- _Instructions for the task_:
When you retype the data, keep every word exactly and include none of the pictures.

- _Recorded information_:
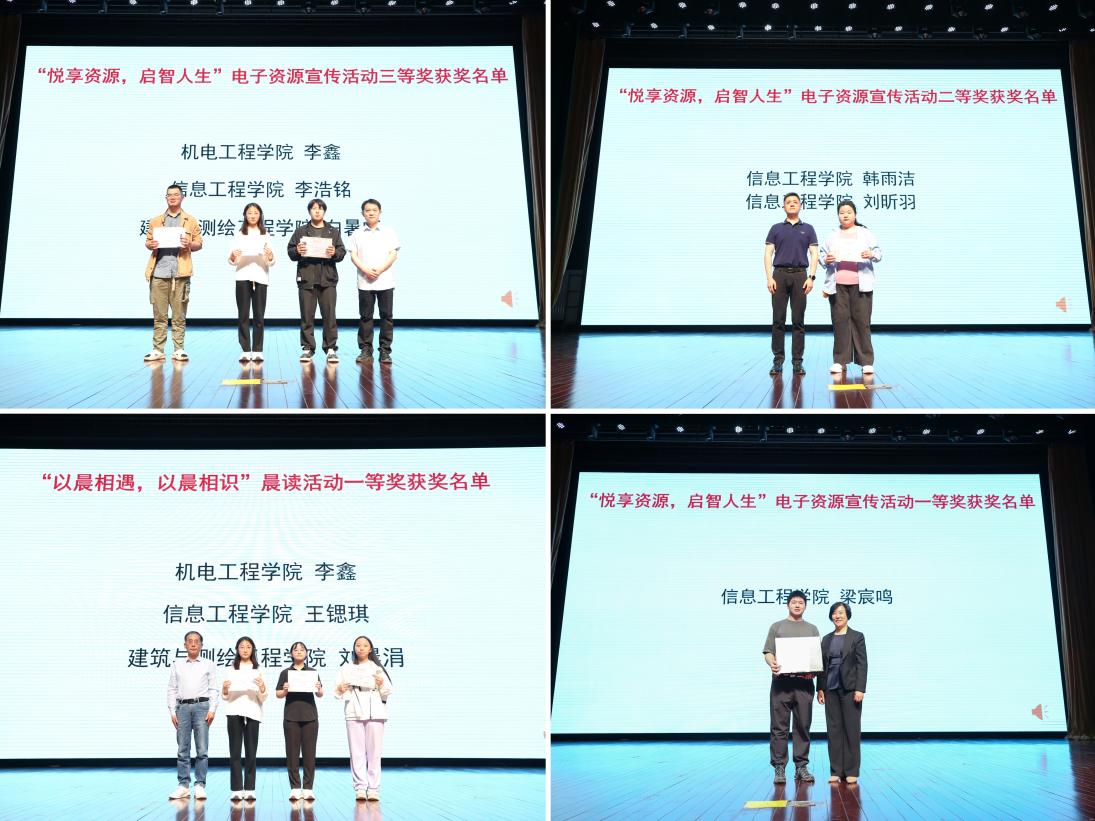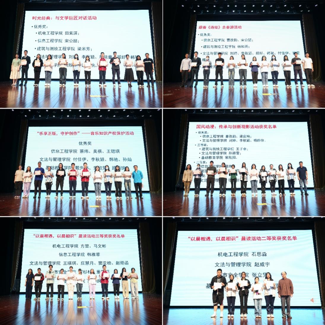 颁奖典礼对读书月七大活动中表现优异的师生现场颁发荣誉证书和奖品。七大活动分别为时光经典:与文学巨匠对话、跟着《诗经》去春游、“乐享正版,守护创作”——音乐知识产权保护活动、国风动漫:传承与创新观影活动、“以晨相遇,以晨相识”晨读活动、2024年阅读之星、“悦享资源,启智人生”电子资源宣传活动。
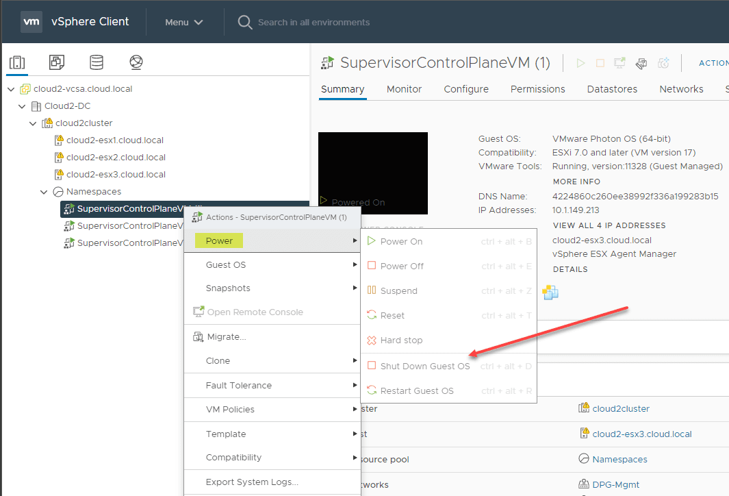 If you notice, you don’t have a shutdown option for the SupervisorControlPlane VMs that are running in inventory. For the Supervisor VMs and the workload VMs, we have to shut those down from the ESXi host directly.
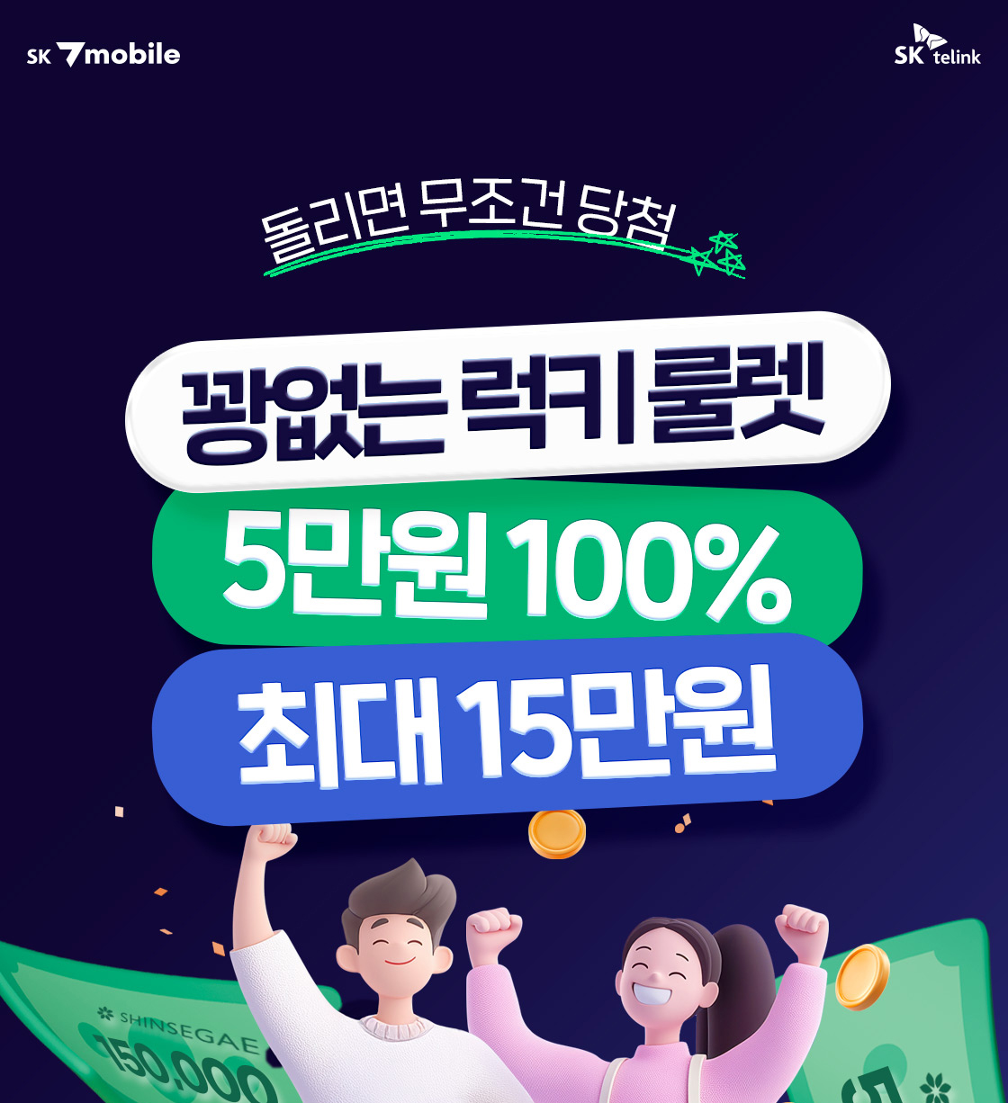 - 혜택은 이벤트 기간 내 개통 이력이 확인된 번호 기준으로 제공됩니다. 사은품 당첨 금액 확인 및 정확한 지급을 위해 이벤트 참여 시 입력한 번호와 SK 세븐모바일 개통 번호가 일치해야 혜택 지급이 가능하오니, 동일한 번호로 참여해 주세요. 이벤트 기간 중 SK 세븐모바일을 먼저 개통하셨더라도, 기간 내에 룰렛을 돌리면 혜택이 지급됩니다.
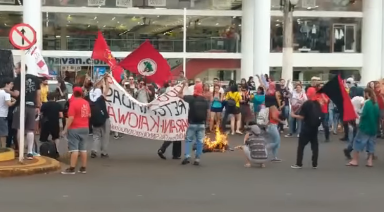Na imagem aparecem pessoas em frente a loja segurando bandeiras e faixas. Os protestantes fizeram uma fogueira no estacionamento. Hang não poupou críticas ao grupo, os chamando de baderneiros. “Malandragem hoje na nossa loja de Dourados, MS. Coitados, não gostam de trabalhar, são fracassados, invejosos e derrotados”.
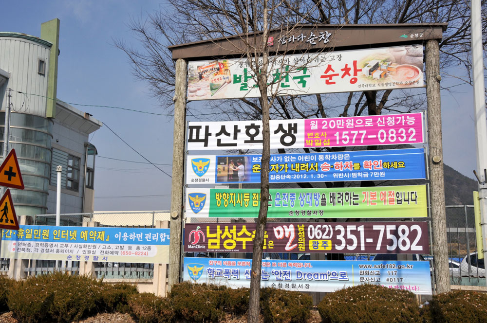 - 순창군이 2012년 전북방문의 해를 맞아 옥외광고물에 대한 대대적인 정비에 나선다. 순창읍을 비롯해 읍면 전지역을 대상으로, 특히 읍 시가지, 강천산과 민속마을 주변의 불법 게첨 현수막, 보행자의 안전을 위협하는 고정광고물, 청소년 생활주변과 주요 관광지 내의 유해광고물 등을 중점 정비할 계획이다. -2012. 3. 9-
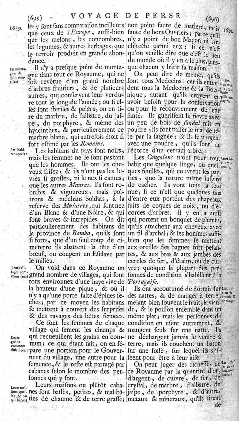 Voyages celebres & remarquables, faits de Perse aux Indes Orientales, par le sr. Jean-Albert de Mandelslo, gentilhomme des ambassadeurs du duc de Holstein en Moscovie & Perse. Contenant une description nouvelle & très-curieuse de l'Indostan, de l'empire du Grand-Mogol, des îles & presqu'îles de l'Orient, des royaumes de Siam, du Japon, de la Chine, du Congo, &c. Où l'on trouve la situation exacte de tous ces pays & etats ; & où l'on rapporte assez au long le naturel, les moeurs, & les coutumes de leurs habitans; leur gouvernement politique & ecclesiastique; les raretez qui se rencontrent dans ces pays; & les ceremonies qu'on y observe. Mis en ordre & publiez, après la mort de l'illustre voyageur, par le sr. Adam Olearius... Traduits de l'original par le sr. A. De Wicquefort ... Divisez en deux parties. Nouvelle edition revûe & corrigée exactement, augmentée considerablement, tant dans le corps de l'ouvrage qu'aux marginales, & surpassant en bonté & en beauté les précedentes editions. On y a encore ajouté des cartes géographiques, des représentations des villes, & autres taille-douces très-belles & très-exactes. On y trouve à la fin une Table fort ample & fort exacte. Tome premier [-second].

- _Solution to this exercise_:
 颁奖典礼对读书月七大活动中表现优异的师生现场颁发荣誉证书和奖品。七大活动分别为时光经典:与文学巨匠对话、跟着《诗经》去春游、“乐享正版,守护创作”——音乐知识产权保护活动、国风动漫:传承与创新观影活动、“以晨相遇,以晨相识”晨读活动、2024年阅读之星、“悦享资源,启智人生”电子资源宣传活动。
 If you notice, you don’t have a shutdown option for the SupervisorControlPlane VMs that are running in inventory. For the Supervisor VMs and the workload VMs, we have to shut those down from the ESXi host directly.
 - 혜택은 이벤트 기간 내 개통 이력이 확인된 번호 기준으로 제공됩니다. 사은품 당첨 금액 확인 및 정확한 지급을 위해 이벤트 참여 시 입력한 번호와 SK 세븐모바일 개통 번호가 일치해야 혜택 지급이 가능하오니, 동일한 번호로 참여해 주세요. 이벤트 기간 중 SK 세븐모바일을 먼저 개통하셨더라도, 기간 내에 룰렛을 돌리면 혜택이 지급됩니다.
Na imagem aparecem pessoas em frente a loja segurando bandeiras e faixas. Os protestantes fizeram uma fogueira no estacionamento. Hang não poupou críticas ao grupo, os chamando de baderneiros. “Malandragem hoje na nossa loja de Dourados, MS. Coitados, não gostam de trabalhar, são fracassados, invejosos e derrotados”.
 - 순창군이 2012년 전북방문의 해를 맞아 옥외광고물에 대한 대대적인 정비에 나선다. 순창읍을 비롯해 읍면 전지역을 대상으로, 특히 읍 시가지, 강천산과 민속마을 주변의 불법 게첨 현수막, 보행자의 안전을 위협하는 고정광고물, 청소년 생활주변과 주요 관광지 내의 유해광고물 등을 중점 정비할 계획이다. -2012. 3. 9-
 Voyages celebres & remarquables, faits de Perse aux Indes Orientales, par le sr. Jean-Albert de Mandelslo, gentilhomme des ambassadeurs du duc de Holstein en Moscovie & Perse. Contenant une description nouvelle & très-curieuse de l'Indostan, de l'empire du Grand-Mogol, des îles & presqu'îles de l'Orient, des royaumes de Siam, du Japon, de la Chine, du Congo, &c. Où l'on trouve la situation exacte de tous ces pays & etats ; & où l'on rapporte assez au long le naturel, les moeurs, & les coutumes de leurs habitans; leur gouvernement politique & ecclesiastique; les raretez qui se rencontrent dans ces pays; & les ceremonies qu'on y observe. Mis en ordre & publiez, après la mort de l'illustre voyageur, par le sr. Adam Olearius... Traduits de l'original par le sr. A. De Wicquefort ... Divisez en deux parties. Nouvelle edition revûe & corrigée exactement, augmentée considerablement, tant dans le corps de l'ouvrage qu'aux marginales, & surpassant en bonté & en beauté les précedentes editions. On y a encore ajouté des cartes géographiques, des représentations des villes, & autres taille-douces très-belles & très-exactes. On y trouve à la fin une Table fort ample & fort exacte. Tome premier [-second].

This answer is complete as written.